Recorded information |

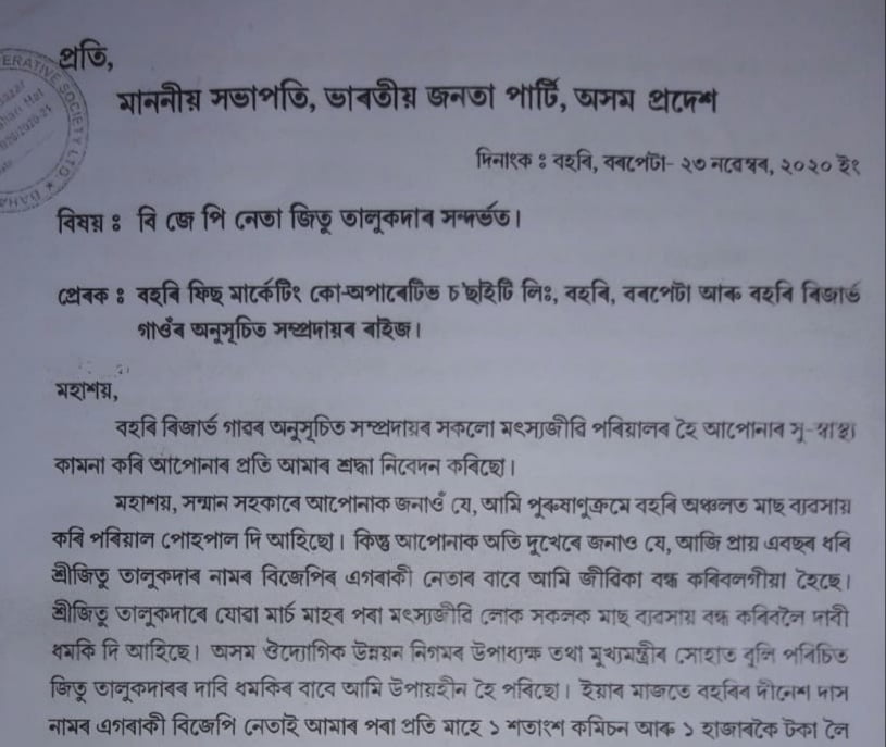 বিজেপি নেতা জিতু তালুকদাৰৰ অত্যাচাৰৰ বিৰুদ্ধে অবশেষত নিৰ্যাতিত মৎস্যজীৱি লোকসকলে বিজেপিৰ ৰাজ্যিক সভাপতি ৰঞ্জিত কুমাৰ দাসক লিখিত অভিযোগ দাখিল কৰাৰ লগতে ৰাজ্যৰ মুখ্যমন্ত্ৰী সৰ্বানন্দ সোণোৱাল, ৰাজ্য চৰকাৰৰ বিত্তমন্ত্ৰী হিমন্ত বিশ্ব শৰ্মা, বিজেপিৰ সংখ্যালঘু মৰ্চাৰ ৰাজ্যিক সভাপতি মুক্তাৰ হুছেইন খানৰ লগতে বৰপেটা জিলা বিজেপি আৰু চেঙা মণ্ডল বিজেপিকো উক্ত অভিযোগৰ প্ৰতিলিপি প্ৰেৰণ কৰিছে৷ বিজেপি নেতা জিতু তালুকদাৰৰ বিৰুদ্ধে মৎস্যজীৱি লোকসকলে উত্থাপন কৰা অভিযোগ অনুসৰি অসম ঔদ্যোগিক উন্নয়ন নিগমৰ উপাধ্যক্ষ জিতু তালুকদাৰে বহৰি বজাৰৰ মাছ ব্যৱসায়ীৰ ওপৰত প্ৰায় এবছৰ ধৰি চলাই আহিছে অত্যাচাৰ ৷ মূলত মাছ বজাৰৰ কমিছনৰ ধনক লৈ জিতু তালুকদাৰৰ সৈতে এইসকল দুখীয়া মাছমৰীয়াৰ সংঘাত আৰম্ভ হোৱা বুলি অভিযোগ উত্থাপন কৰিছে৷ নিজকে প্ৰভাৱশালী নেতা বুলি দাবী কৰা জিতু তালুকদাৰক লাগে মাছ ব্যৱসায়ৰ কমিছন৷ কমিছন আদায় নিদিলেই আৰক্ষী, প্ৰশাসনক ব্যৱহাৰ কৰি মৎস্য ব্যৱসায়ী সকলৰ ওপৰত হাৰাশাস্তি চলোৱাৰ লগতে দেহৰক্ষী লগত লৈ গৈ জপিয়াই পৰে মাছ ব্যৱসায়ীৰ ওপৰত৷ বয়োজ্যেষ্ঠ মাছ ব্যৱসায়ী একোজনকো গতিয়াই, ঢকিয়াই, জোতাৰে গছকি নিৰ্যাতন চলাই আহিছে জিতু তালুকদাৰে৷ পূৰ্বতে জিতু তালুকদাৰৰ নিৰ্দেশমৰ্মে দীনেশ দাস নামৰ এজন বিজেপি নেতাই মাছ ব্যৱসায়ীৰ পৰা ১ শতাংশ কমিছন আৰু মাহেকত এহেজাৰ টকা আদায় কৰি আহিছিল কিন্তু মাছ ব্যৱসায়ীসকলে যোৱা অক্টোবৰ মাহৰ পৰা বিজেপি নেতাজনক কমিছনৰ টকা আদায় দিয়া বন্ধ কৰাৰ বাবেই ব্যক্তিগত নিৰাপত্তাৰক্ষী লগত লৈ গৈ ৰামপ্ৰসাদ মালো দাস নামৰ বয়োজ্যেষ্ঠ লোকজনক শাৰিৰীকভাৱে অপদস্থ কৰাৰ লগতে একাংশ অনুগত সাংবাদিকৰ জৰিয়তে মাছ ব্যৱসায়ী সকলৰ বিৰুদ্ধে নানা অপপ্ৰচাৰ চলাই আহিছে বুলিও অভিযোগ উত্থাপন কৰিছে জিতু তালুকদাৰৰ বিৰুদ্ধে৷ মৎস্য ব্যৱসায়ীসকলে জনোৱামতে, জিতু তালুকদাৰৰ নিৰ্দেশমৰ্মে বহৰি বজাৰৰ দীনেশ দাস নামৰ এগৰাকী বিজেপি নেতাই বহৰি বজাৰৰ মাছ ব্যৱসায়ৰ ১ শতাংশ কমিছন আৰু নগদ এক হাজাৰ টকা আদায় কৰি আহিছে কিন্তু মাছ ব্যৱসায়ীসকলে সম্প্ৰতি পৰিয়াল চলাব নোৱাৰা হোৱাত কমিছন আদায় দিয়া বন্ধ কৰাৰ ফলত আৰক্ষী প্ৰশাসনৰ বিভিন্ন বিষয়াৰ জৰিয়তে মাছ ব্যৱসায়ীসকলক ভীতিগ্ৰস্থ কৰি আহিছে আৰু বিগত কেবাদিন ধৰি তেওলোকে ভয় ভীতিৰ মাজত ব্যৱসায় চলাই থাকিবলগীয়া হৈছে৷
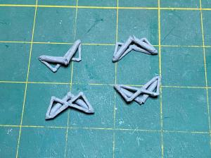 So, I got back to work on the landing gear for the LM. I finished folding the gear sections and did a bit of trimming and applying putty. Then they got a coat of primer. They aren’t exactly scale, but they do look better than the pre-folded part provided in the kit.
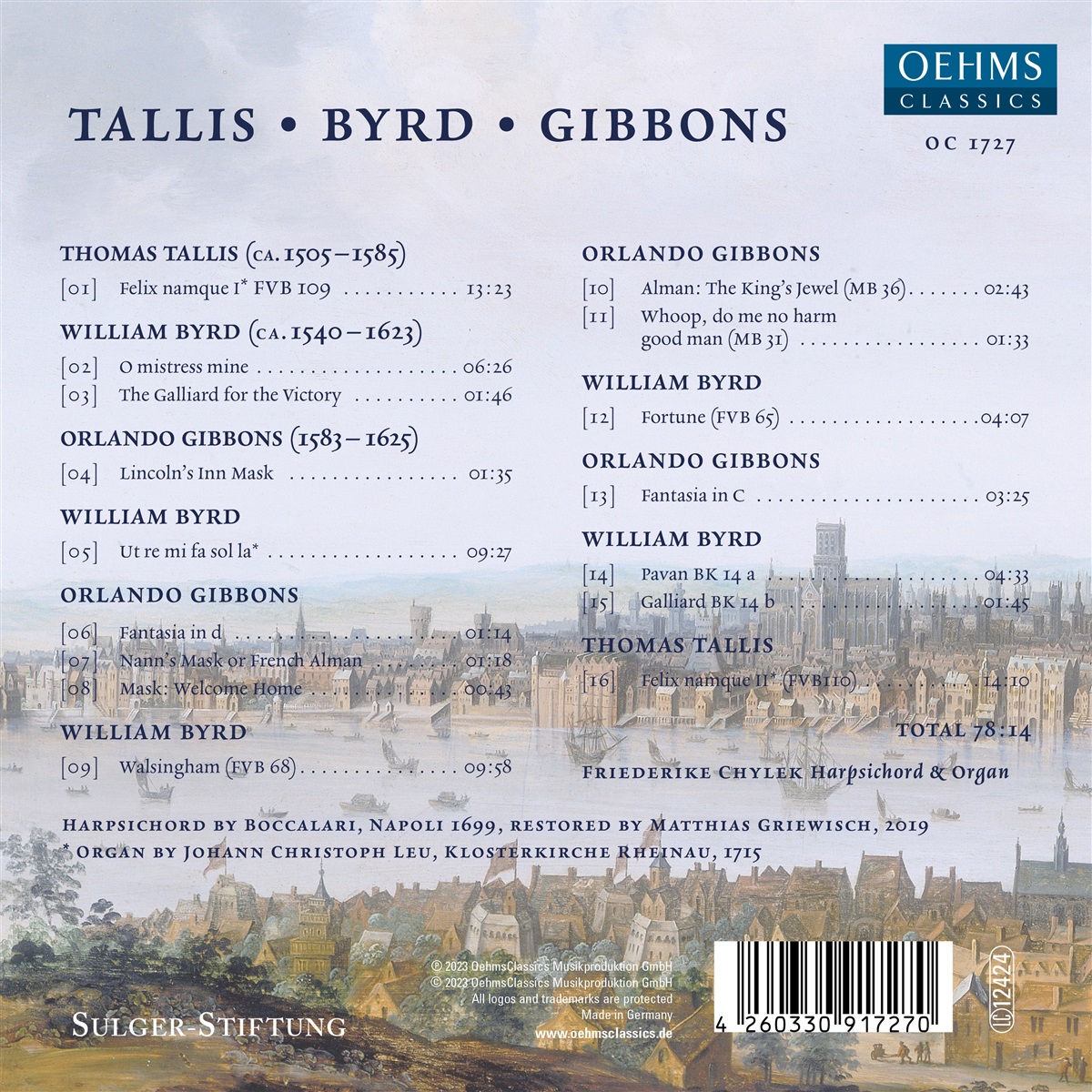 Das Werk von William Byrd zeichnet sich vor allem durch die Vielfalt der Gattungen und Strukturen aus. Besonders deutlich wird dies in seiner einzigartigen Musik für Tasteninstrumente. Der Einfluss, den Byrd auch auf die kontinentale Entwicklung der Klaviermusik hatte, bleibt bemerkenswert. Auf dem vorliegenden Album wurden Werke Byrds denen zweier Zeitgenossen gegenübergestellt: Thomas Tallis, langjähriger Mentor Byrds und Orlando Gibbons, eine Art jüngerer Nachfolger derselben musikalischen Tradition. Friederike Chylek spielt auf der Orgel der Klosterkirche Rheinau von Johann Christoph Leu, 1715 und einem (2019 restaurierten) Cembalo von Giovanni Natale Boccalari aus Neapel von 1699.

Problem | Could you print the data exactly as it appears and keep the pictures out?

Response area |
 বিজেপি নেতা জিতু তালুকদাৰৰ অত্যাচাৰৰ বিৰুদ্ধে অবশেষত নিৰ্যাতিত মৎস্যজীৱি লোকসকলে বিজেপিৰ ৰাজ্যিক সভাপতি ৰঞ্জিত কুমাৰ দাসক লিখিত অভিযোগ দাখিল কৰাৰ লগতে ৰাজ্যৰ মুখ্যমন্ত্ৰী সৰ্বানন্দ সোণোৱাল, ৰাজ্য চৰকাৰৰ বিত্তমন্ত্ৰী হিমন্ত বিশ্ব শৰ্মা, বিজেপিৰ সংখ্যালঘু মৰ্চাৰ ৰাজ্যিক সভাপতি মুক্তাৰ হুছেইন খানৰ লগতে বৰপেটা জিলা বিজেপি আৰু চেঙা মণ্ডল বিজেপিকো উক্ত অভিযোগৰ প্ৰতিলিপি প্ৰেৰণ কৰিছে৷ বিজেপি নেতা জিতু তালুকদাৰৰ বিৰুদ্ধে মৎস্যজীৱি লোকসকলে উত্থাপন কৰা অভিযোগ অনুসৰি অসম ঔদ্যোগিক উন্নয়ন নিগমৰ উপাধ্যক্ষ জিতু তালুকদাৰে বহৰি বজাৰৰ মাছ ব্যৱসায়ীৰ ওপৰত প্ৰায় এবছৰ ধৰি চলাই আহিছে অত্যাচাৰ ৷ মূলত মাছ বজাৰৰ কমিছনৰ ধনক লৈ জিতু তালুকদাৰৰ সৈতে এইসকল দুখীয়া মাছমৰীয়াৰ সংঘাত আৰম্ভ হোৱা বুলি অভিযোগ উত্থাপন কৰিছে৷ নিজকে প্ৰভাৱশালী নেতা বুলি দাবী কৰা জিতু তালুকদাৰক লাগে মাছ ব্যৱসায়ৰ কমিছন৷ কমিছন আদায় নিদিলেই আৰক্ষী, প্ৰশাসনক ব্যৱহাৰ কৰি মৎস্য ব্যৱসায়ী সকলৰ ওপৰত হাৰাশাস্তি চলোৱাৰ লগতে দেহৰক্ষী লগত লৈ গৈ জপিয়াই পৰে মাছ ব্যৱসায়ীৰ ওপৰত৷ বয়োজ্যেষ্ঠ মাছ ব্যৱসায়ী একোজনকো গতিয়াই, ঢকিয়াই, জোতাৰে গছকি নিৰ্যাতন চলাই আহিছে জিতু তালুকদাৰে৷ পূৰ্বতে জিতু তালুকদাৰৰ নিৰ্দেশমৰ্মে দীনেশ দাস নামৰ এজন বিজেপি নেতাই মাছ ব্যৱসায়ীৰ পৰা ১ শতাংশ কমিছন আৰু মাহেকত এহেজাৰ টকা আদায় কৰি আহিছিল কিন্তু মাছ ব্যৱসায়ীসকলে যোৱা অক্টোবৰ মাহৰ পৰা বিজেপি নেতাজনক কমিছনৰ টকা আদায় দিয়া বন্ধ কৰাৰ বাবেই ব্যক্তিগত নিৰাপত্তাৰক্ষী লগত লৈ গৈ ৰামপ্ৰসাদ মালো দাস নামৰ বয়োজ্যেষ্ঠ লোকজনক শাৰিৰীকভাৱে অপদস্থ কৰাৰ লগতে একাংশ অনুগত সাংবাদিকৰ জৰিয়তে মাছ ব্যৱসায়ী সকলৰ বিৰুদ্ধে নানা অপপ্ৰচাৰ চলাই আহিছে বুলিও অভিযোগ উত্থাপন কৰিছে জিতু তালুকদাৰৰ বিৰুদ্ধে৷ মৎস্য ব্যৱসায়ীসকলে জনোৱামতে, জিতু তালুকদাৰৰ নিৰ্দেশমৰ্মে বহৰি বজাৰৰ দীনেশ দাস নামৰ এগৰাকী বিজেপি নেতাই বহৰি বজাৰৰ মাছ ব্যৱসায়ৰ ১ শতাংশ কমিছন আৰু নগদ এক হাজাৰ টকা আদায় কৰি আহিছে কিন্তু মাছ ব্যৱসায়ীসকলে সম্প্ৰতি পৰিয়াল চলাব নোৱাৰা হোৱাত কমিছন আদায় দিয়া বন্ধ কৰাৰ ফলত আৰক্ষী প্ৰশাসনৰ বিভিন্ন বিষয়াৰ জৰিয়তে মাছ ব্যৱসায়ীসকলক ভীতিগ্ৰস্থ কৰি আহিছে আৰু বিগত কেবাদিন ধৰি তেওলোকে ভয় ভীতিৰ মাজত ব্যৱসায় চলাই থাকিবলগীয়া হৈছে৷
 So, I got back to work on the landing gear for the LM. I finished folding the gear sections and did a bit of trimming and applying putty. Then they got a coat of primer. They aren’t exactly scale, but they do look better than the pre-folded part provided in the kit.
 Das Werk von William Byrd zeichnet sich vor allem durch die Vielfalt der Gattungen und Strukturen aus. Besonders deutlich wird dies in seiner einzigartigen Musik für Tasteninstrumente. Der Einfluss, den Byrd auch auf die kontinentale Entwicklung der Klaviermusik hatte, bleibt bemerkenswert. Auf dem vorliegenden Album wurden Werke Byrds denen zweier Zeitgenossen gegenübergestellt: Thomas Tallis, langjähriger Mentor Byrds und Orlando Gibbons, eine Art jüngerer Nachfolger derselben musikalischen Tradition. Friederike Chylek spielt auf der Orgel der Klosterkirche Rheinau von Johann Christoph Leu, 1715 und einem (2019 restaurierten) Cembalo von Giovanni Natale Boccalari aus Neapel von 1699.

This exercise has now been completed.